If you are travelling to Bruny Island first, it is best to head to Kettering from Hobart where you can catch the ferry to the island. Bruny Island is one island separated into two parts, North Bruny and South Bruny. In between there is a long, thin stretch of land called the neck which has a lookout and is truly an Instagram worthy spot for a photo. Also on the island is the Inala Jurassic Garden and showcases plants that were around during the age of dinosaurs!

After taking the ferry across you can begin travelling south through the Huon Valley and will pass through Geeveston and can go as far as the road takes you to Cockle Creek. For those who like adventure, Tahune Airwalk and Hastings Caves are must see attractions.

If you are after some food and beverages, Willie Smith’s Organic Cider and The Old Bank Of Geeveston are fantastic options.

thin stretch of land surrounded by ocean either side
Bruny Island Neck is an isthmus of land connecting north and south Bruny Island.

Convict Trail: Discover Tasmania’s Convict History

  • Starting point: Campbelltown
  • Ending point: Port Arthur
  • Distance: Approximately 304 km 
  • Recommended time: 3-5 days

Tasmania was once a penal colony for the British Empire in the 19th century. Over 70,000 convicts would be sent there. Thankfully those days of a life of hard labour are over and nowadays you can explore what life was like for these people on the convict trail. 

The first stops along the convict trail are in the towns of Campbell Town and Ross. t the convict brick trail, there are bricks in the ground with the names of convicts, their crime and their sentences. Many of the crimes would be considered petty crimes nowadays. In Ross, there is the Ross Female Factory Historic Site. This would be one of four female convict factories built in Tasmania.

Maria Island is also a great stop to learn more about the convicts. The Darlington convict settlement is located here.

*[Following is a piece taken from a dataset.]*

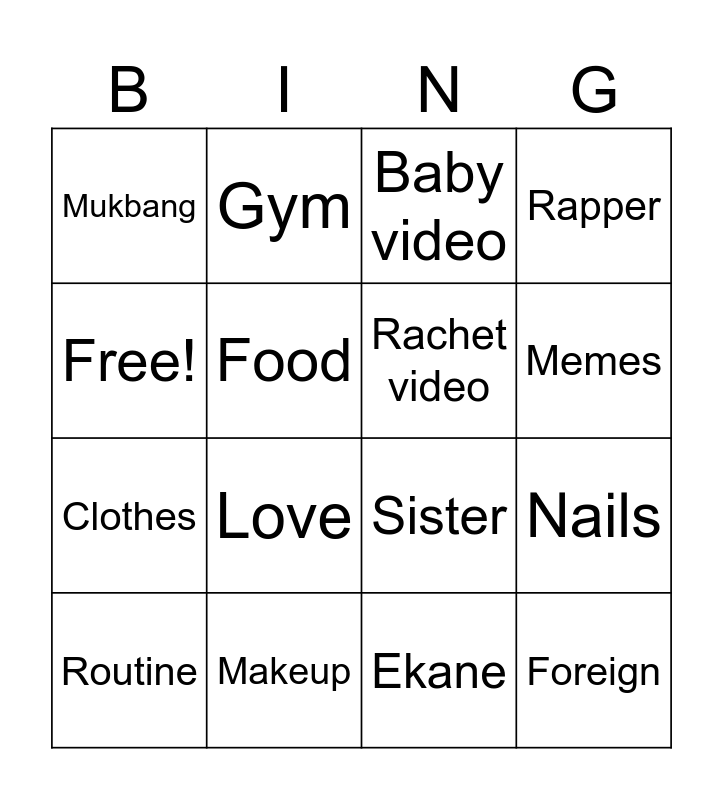 This bingo card has 16 words: Makeup, Nails, Baby video, Mukbang, Clothes, Gym, Sister, Ekane, Free!, Food, Routine, Rapper, Love, Memes, Rachet video and Foreign.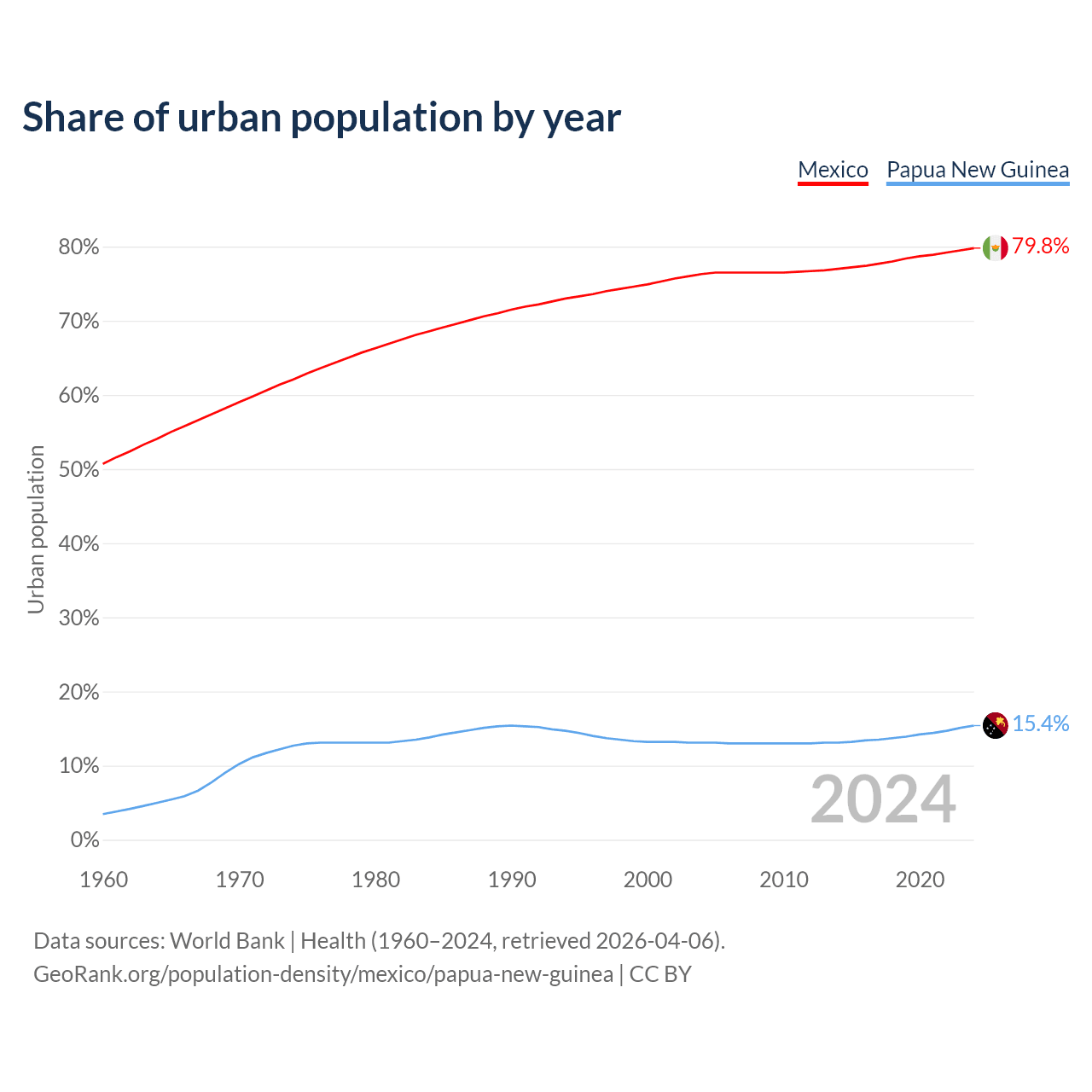 From 2004 to 2024, the share of urban population changed from 76.3% to 79.8% in Mexico and from 13.1% to 15.4% in Papua New Guinea.

The next stop is Richmond Gaol. An old convict era prison. There are tours available which show you the terrible conditions in which prisoners here lived in. You can travel further south where there are other convict related historical sites such as the coal mines at Saltwater River and perhaps the most well known of them all, The Port Arthur Historic Site.

an old church with no roof
The Port Arthur Historic Site is one of Australia’s most important heritage sites and tourist destinations. Located on the scenic Turrakana / Tasman Peninsula in the south east of Tasmania, it offers a unique and essential experience for all visitors to the area.